I am not sure I would want to be treated by a machine this way . A machine, after all, has no concern for my feelings. It is just going through the process step by step, working out a program on its own through the logical steps programmed in it.

My traditional doctor and his team had treated me and my family for ages. I trust them to do the right thing even if I suspected they overcharged me at times or carried out unnecessary procedures to be on the safe side or maybe even boost the bill. This is something I could never figure out. Yet I would like most others opt for a human doctor.

The major flaw today in intelligent machines is the absence of a sentience and sapience in their design. Their application of logic, reasoning and reaching the most appropriate solutions to a problem cannot be flawed. Their lack of emotions while handling humans in distress or pain can be prohibitive. Animals like a pet dog or a cat could comfort humans more when a human is in such distress. At this point in time, very few humans would want a robot to take care of them. Just the presence of a living being that loves your presence should often reverse or at least provide comfort to one’s condition. Not logical analysis of the condition, drugs or medication.

Every profit making establishments selling products or services either employs machines or considers machines in their customer care sections with impunity. Once having sold a product or service, they relegate their customers to a brainless machine to do the dirty job of providing service. After sales service to them is a far different region that is disjointed with the primary aim of selling their product. Some even replace the entire idea of after sales service to another product called AMC ( Annual Maintenance Contract.) They could sell this contract easily because they have a trained l sales force who can sell deep freezers in Lapland.

When a product or service you bought from some company malfunctions, you feel cheated.
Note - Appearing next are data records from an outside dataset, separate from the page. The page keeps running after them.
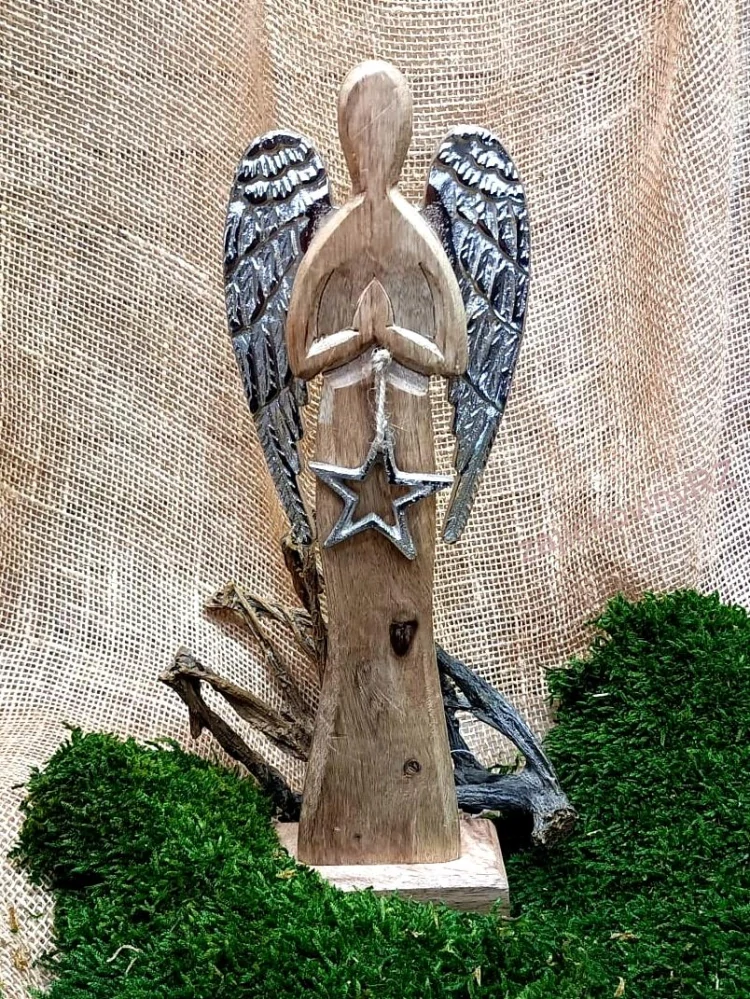 - Anděl dřevěný s kovovými křídly a hvězdou, 32,5 cm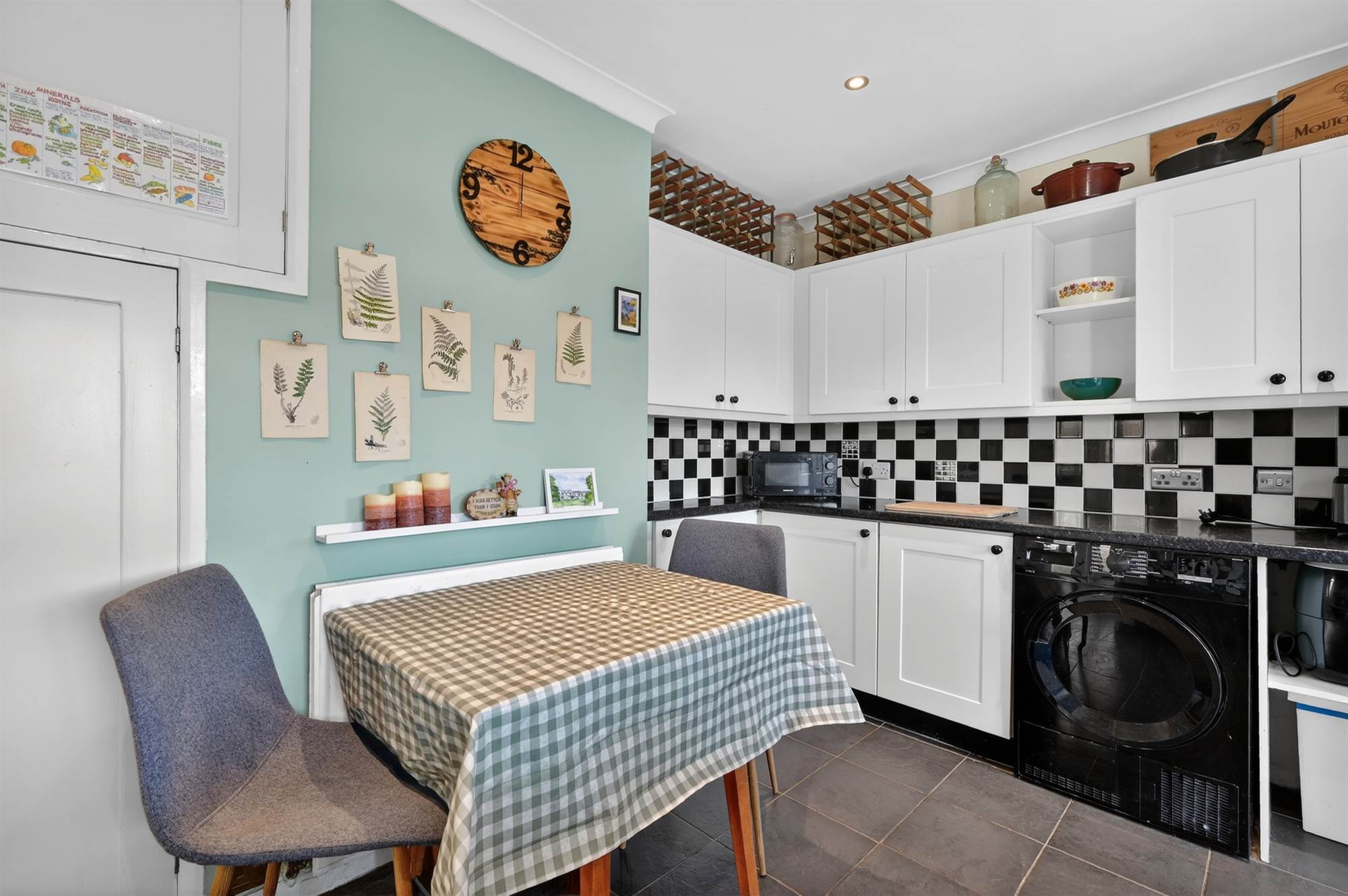 Shaker style kitchen with range of high and low level units, stainless steel sink with drainer and mixer tap, laminate worktops, built in 4 ring hob with extractor fan, cooker, plumbed for washing machine, space for dryer, part tiled walls, ceramic tiled floor, door to...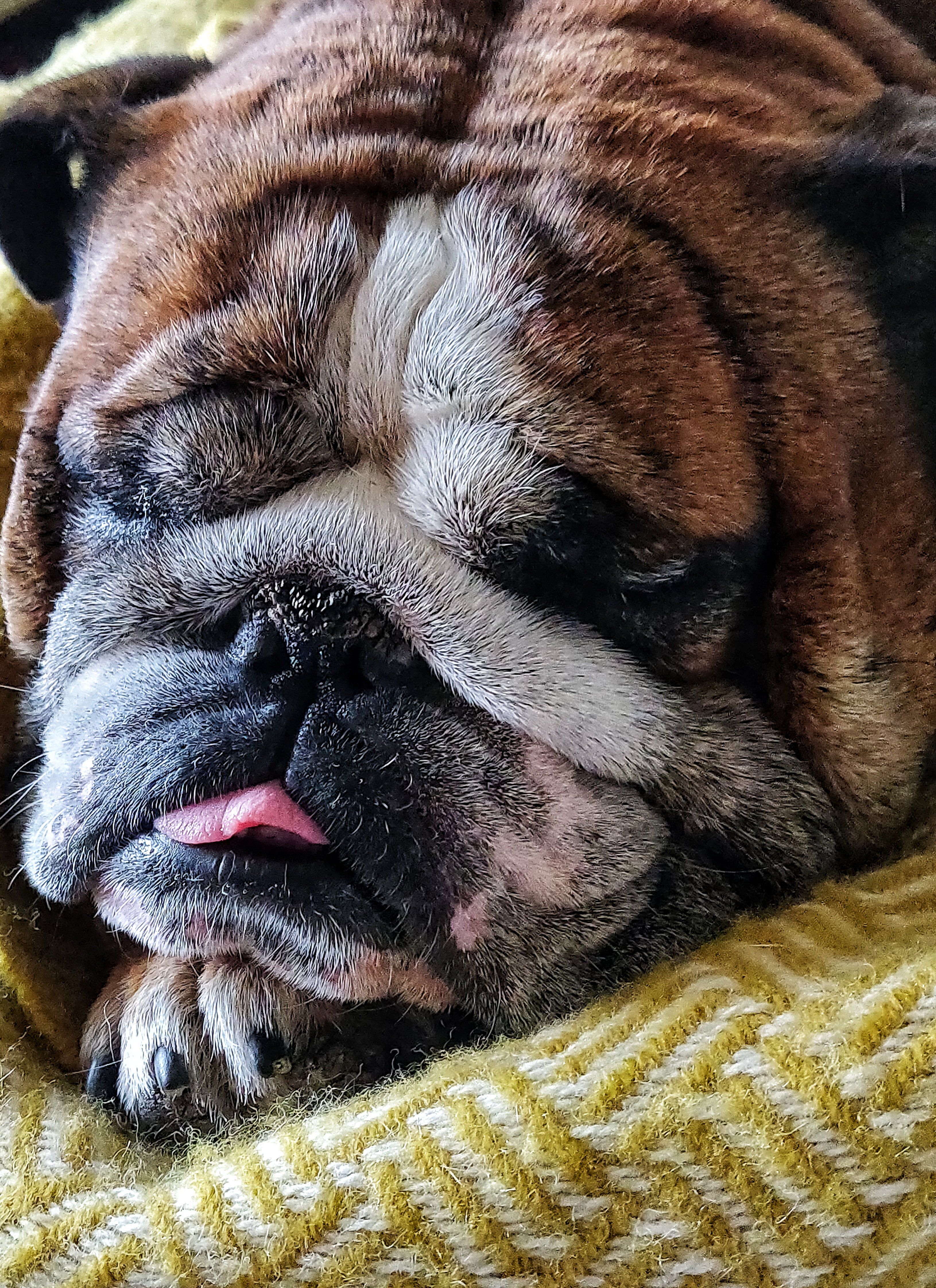 Cool here today and raining so Castor decided to borrow my blanket for his afternoon nap on the couch.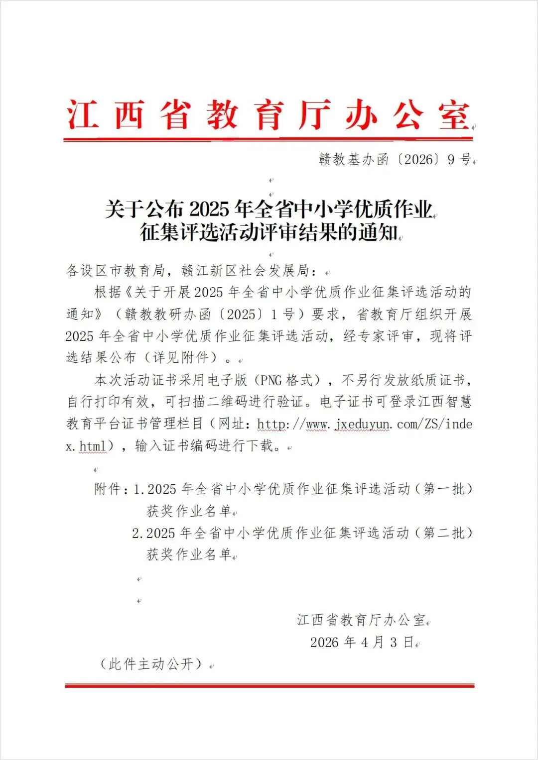 文件有点长,识别二维码,打开“赣教基办函〔2026〕9号关于公布2025年全省中小学优质作业征集评选活动评审结果的通知.pdf”搜索名字,找到证书编号,点击阅读进入官网(网址: http://www.jxeduyun.com/ZS/index.html)下载。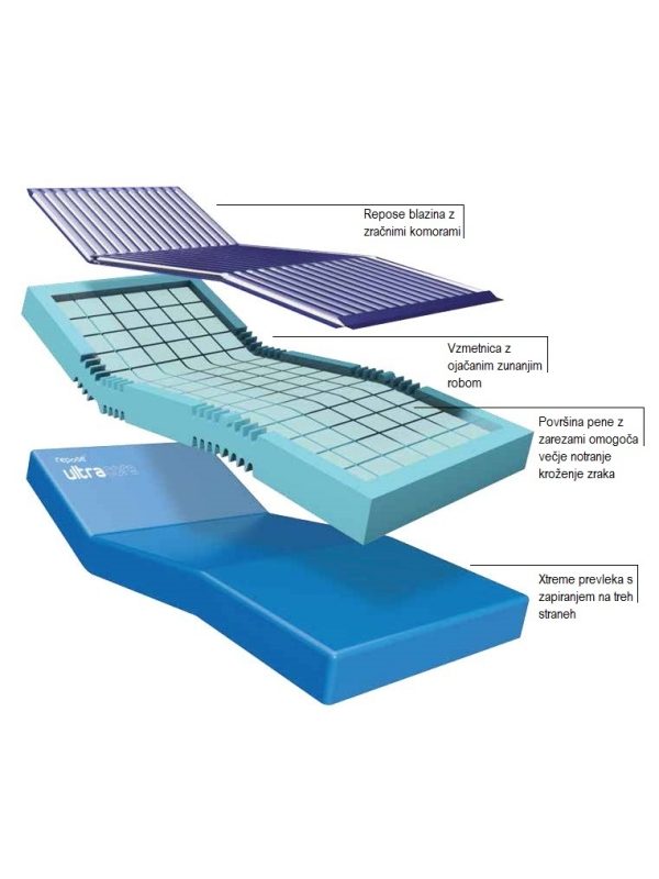 Posteljna vzmetnica Repose® Ultracore zagotavlja odličen prenos pritiska na površino in kar največje udobje ter kakovostno in dolgotrajno uporabo. Namenjena je osebam, ki veliko časa preživijo v postelji, saj pomaga pri preprečevanju nastanka poškodbe/razjede zaradi pritiska (preležanin) oz. lajša bolečino in počutje v fazi zdravljenja.

You think of the bright sales person who had sold you the product and wonder where the hell that person vanished when you called the company for help.

There are recorded sweet voices of seductive women to keep directing you to chase a wild goose. There are multitudes of machines some intelligent and others outright stupid designed by AI students just learning the ropes. There are machines that answer toll free phones, machines that reply to emails you sent asking information or complaints or even thanking the company for the excellent service. Replies always sound the same in the same standard phrasing only adding or deleting some words . When you get such replies, you know you are entering an insane asylum intended for humans and machines.

I have been trapped into chatting with an AI chatbot several times during the recent past. The most recent encounter was with Eureka Forbes and their AI machines. Eureka Forbes was a well established, respected company manufacturing and selling household equipment like water filters and vacuum cleaners, etc. I have had great dealing with them over the past several decades in various regions of India. Almost a friend for life, as they claim. To my surprise, they had committed harakiri by including machines indiscriminately in their workforce . Anyone who works with artificially intelligent machines long enough, can turn into an intelligent machine and a stupid human. This is my personal observation with no malice against anyone.

While Eureka Forbes has tried to introduce machines at random with no consideration for their customers, there are many companies that use intelligent machines with great human intelligence incorporated in them. While an ill-designed machine during chat sessions keeps sticking to phrases like ‘I don’t understand’, endlessly, the better designed machine can spot the road block. It realises it cannot go on and summons a human agent to take over. I believe more companies will take this route once they realise the folly of replacing humans with machines thoughtlessly in the future.